The Worst Case Scenario for Ebola

The Worst Case Scenario for Ebola

This story originally appeared at Vox.

Before this year, Ebola was a disease relegated to remote villages in Africa. Even public health officials didn’t worry about it spreading very far. Until recently, they would probably tell you that the virus typically burned out after ravaging only a handful of people.

But then came 2014.

This year has, in many ways, rewritten the Ebola rulebook. We’re in the middle of an unprecedented, nightmarish epidemic that has spread from a rural rainforest region in West Africa to large urban centers. The World Health Organization’s director has called it “the greatest peacetime challenge” the world has ever faced, with the number of cases doubling each week.

Now, health care officials are starting to talk about a worst-case scenario for Ebola. 
The World Health Organization projects that 20,000 people will be infected in November. The Centers for Disease Control and Prevention, meanwhile, projects 1.4 million people could be infected by January, assuming that Ebola cases continue to increase exponentially and are underreported by a factor of 2.5.
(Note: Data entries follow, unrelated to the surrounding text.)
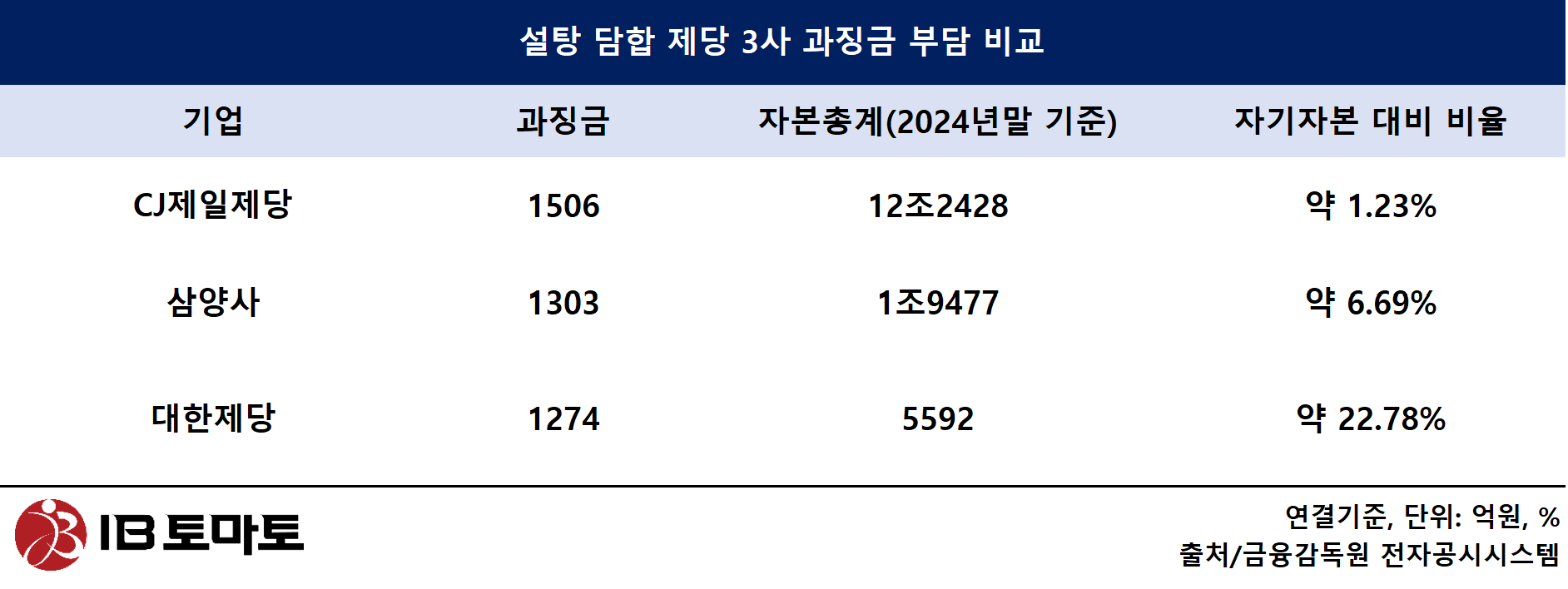 10일 제당업계에 따르면 지난달 공정거래위원회는 대한제당에 제당3사 가격 담합과 관련해 1274억원의 과징금을 부과했다. 이는 대한제당의 지난해말 기준 자기자본(5592억원)의 22.78%에 해당되는 금액이다. 대한제당이 3사 중 가장 적은 과징금액이지만, 타격은 가장 클 것으로 예상된다. 3사 중에서 자기자본 대비 과징금 규모가 가장 크기 때문이다.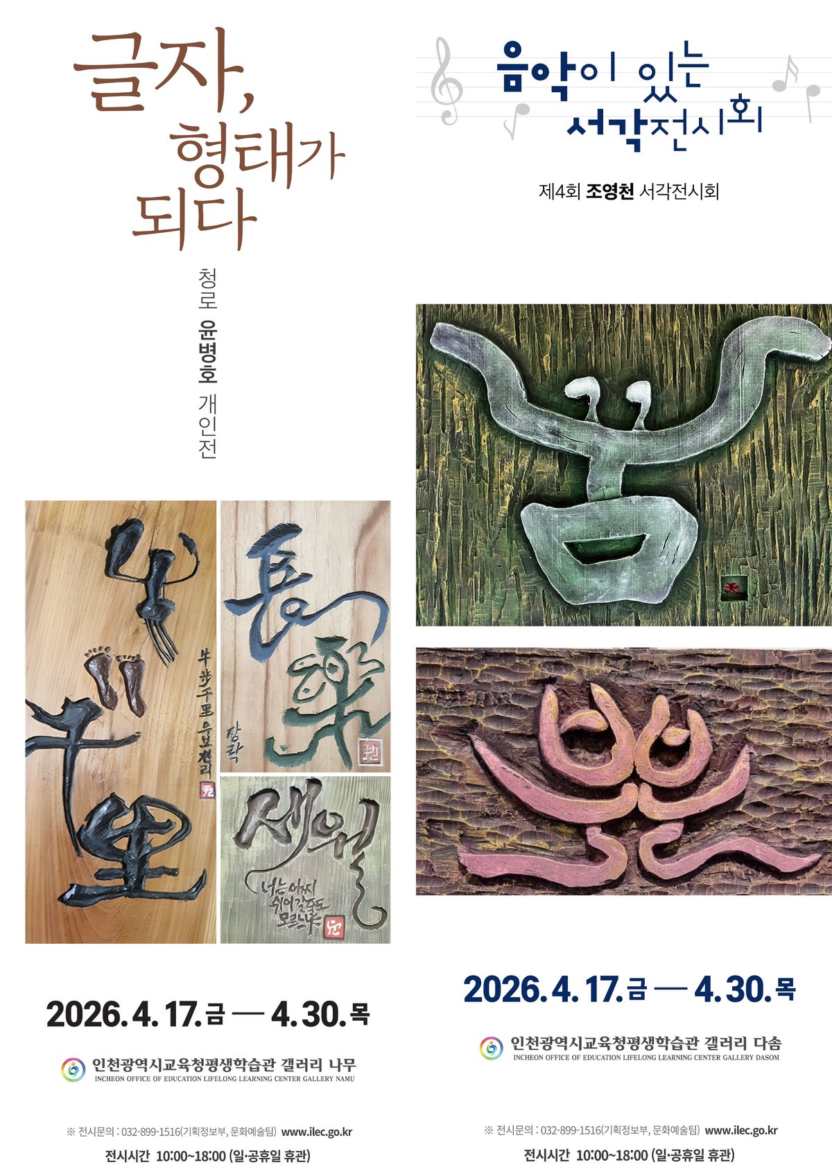 [충청뉴스큐] 인천광역시교육청평생학습관은 4월 17일부터 30일까지 갤러리 나무 와 다솜 에서 서각예술의 정수를 느낄 수 있는 ‘글자, 형태가 되다’ 와 ‘음악이 있는 서각’ 전시회를 각각 개최한다.
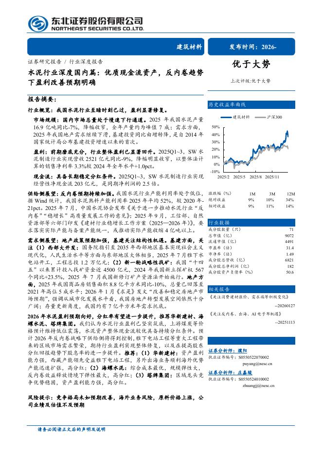 东北证券:水泥行业深度国内篇:优质现金流资产,反内卷趋势下盈利改善预期明确.pdf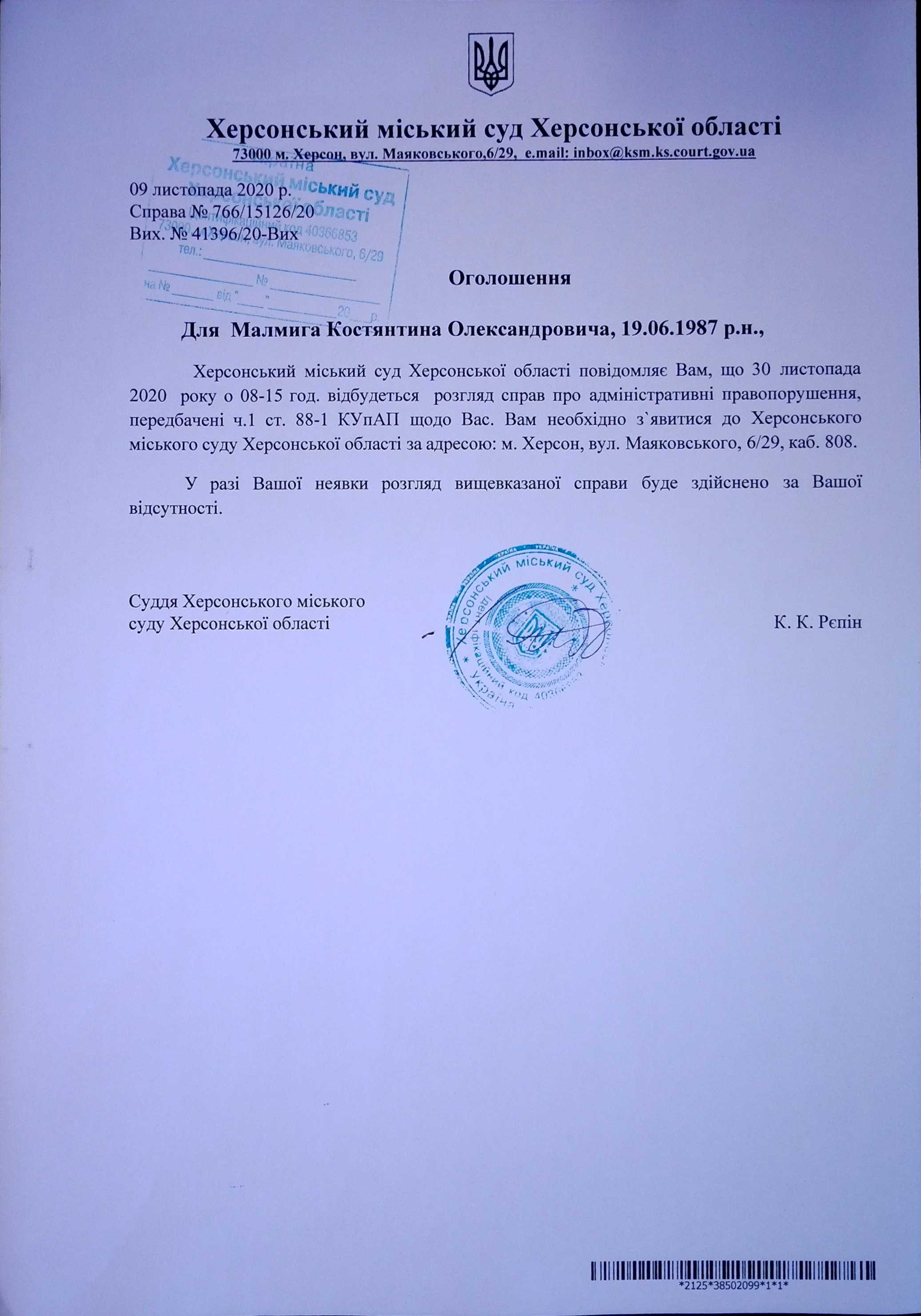 ОГОЛОШЕННЯ для Малмига Костянтина Олександровича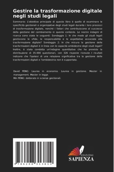 Sommario: L'obiettivo principale di questo libro è quello di esaminare le specificità gestionali e organizzative degli studi legali durante i loro processi di trasformazione digitale, nonché i fattori che contribuiscono al successo della gestione del cambiamento in questo contesto. Le nostre indagini di ricerca sono state le seguenti: Sondaggio 1: In che modo gli studi legali gestiscono le sfide, le responsabilità e le aspettative associate alla trasformazione digitale? Sondaggio 2: In che misura la gestione delle trasformazioni digitali è in linea con le capacità ambidestre degli studi legali? Inoltre, è stata condotta un'indagine quantitativa che ha previsto la distribuzione di 35.000 questionari, con 326 risposte ricevute. I risultati indicano che l'ipotesi di una relazione significativa tra la gestione delle trasformazioni digitali e l'ambidestria non è supportata.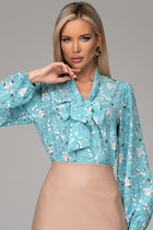 Блузка укороченная, выполнена из хлопкового полотна нежно-розового цвета. Характеристики: воротник рубашечного типа, застежка на пуговицы, по переду функциональные накладные карманы, низ присборен на резинку. Длина по спинке 43 см.

1) The best methods we have to contain Ebola are failing

Public health officials are terrified that one of the cornerstones of an Ebola response — tracing the contacts of those infected — can’t keep pace with the epidemic.

In the past, trusty volunteers and public-health workers would follow all the people who had come into contact with an Ebola patient for 21 days (the virus’ incubation period) to make sure that those people didn’t develop any of the early flu-like symptoms of the disease. If anyone did, they would be put in quarantine to be monitored further and to ensure they didn’t give the virus to anyone else.

This method worked extremely well. It helped to curb every previous known Ebola outbreak in history — and it even seems to have worked in the small outbreaks this year in Senegal and Nigeria, which have just reported zero suspected cases.

But in Liberia, Sierra Leone, and Guinea, which each have thousands of infected people, contact tracing becomes impossible. Consider this: the WHO estimates that every person in this region has at least ten contacts. Liberia already has over 3,000 cases of Ebola. That would be 30,000 potential contacts to follow-up. Imagine, if by the year’s end, we see nearly 300,000 cases.

So the best method to curtail this untreatable disease is useless at the scale of the outbreak before us. And this keeps health professionals familiar with the disease up at night.